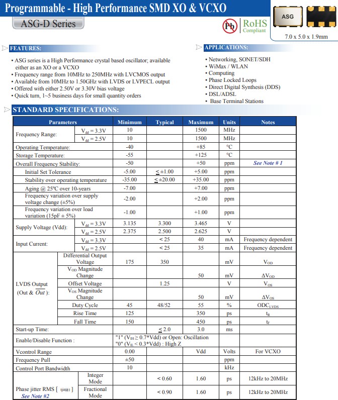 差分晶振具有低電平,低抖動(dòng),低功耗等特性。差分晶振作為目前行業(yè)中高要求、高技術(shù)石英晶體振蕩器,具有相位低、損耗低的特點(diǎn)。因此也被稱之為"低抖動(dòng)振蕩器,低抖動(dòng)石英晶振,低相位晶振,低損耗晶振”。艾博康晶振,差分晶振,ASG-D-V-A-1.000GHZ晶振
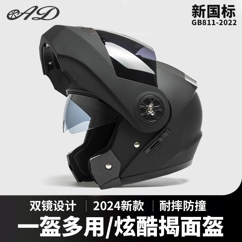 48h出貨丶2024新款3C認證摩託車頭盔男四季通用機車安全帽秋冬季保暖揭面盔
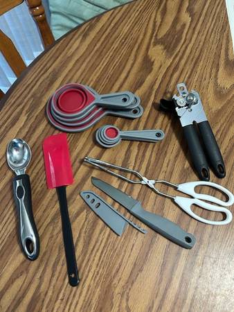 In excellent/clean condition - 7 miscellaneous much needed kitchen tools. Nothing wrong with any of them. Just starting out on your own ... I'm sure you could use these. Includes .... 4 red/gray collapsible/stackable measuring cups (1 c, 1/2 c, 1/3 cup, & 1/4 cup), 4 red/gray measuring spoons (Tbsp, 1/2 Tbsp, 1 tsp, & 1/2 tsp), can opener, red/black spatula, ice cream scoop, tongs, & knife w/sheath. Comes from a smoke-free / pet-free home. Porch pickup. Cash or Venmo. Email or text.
════════
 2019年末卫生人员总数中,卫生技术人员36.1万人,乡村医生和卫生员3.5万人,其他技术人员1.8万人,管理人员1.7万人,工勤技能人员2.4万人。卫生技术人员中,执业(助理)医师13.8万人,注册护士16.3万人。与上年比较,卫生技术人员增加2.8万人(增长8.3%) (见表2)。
════════
*What you are asked to do:* Copy nothing but the lines above from the one with "差分晶振具有低電平,低抖動(dòng),低功耗等特性。差" to the one with "48h出貨丶2024新款3C認證摩託車頭盔男四季通用機車安全帽秋冬季保暖揭面盔", inclusive, word for word. Leave every picture out.

*Solution for this task:*
 差分晶振具有低電平,低抖動(dòng),低功耗等特性。差分晶振作為目前行業(yè)中高要求、高技術(shù)石英晶體振蕩器,具有相位低、損耗低的特點(diǎn)。因此也被稱之為"低抖動(dòng)振蕩器,低抖動(dòng)石英晶振,低相位晶振,低損耗晶振”。艾博康晶振,差分晶振,ASG-D-V-A-1.000GHZ晶振
 48h出貨丶2024新款3C認證摩託車頭盔男四季通用機車安全帽秋冬季保暖揭面盔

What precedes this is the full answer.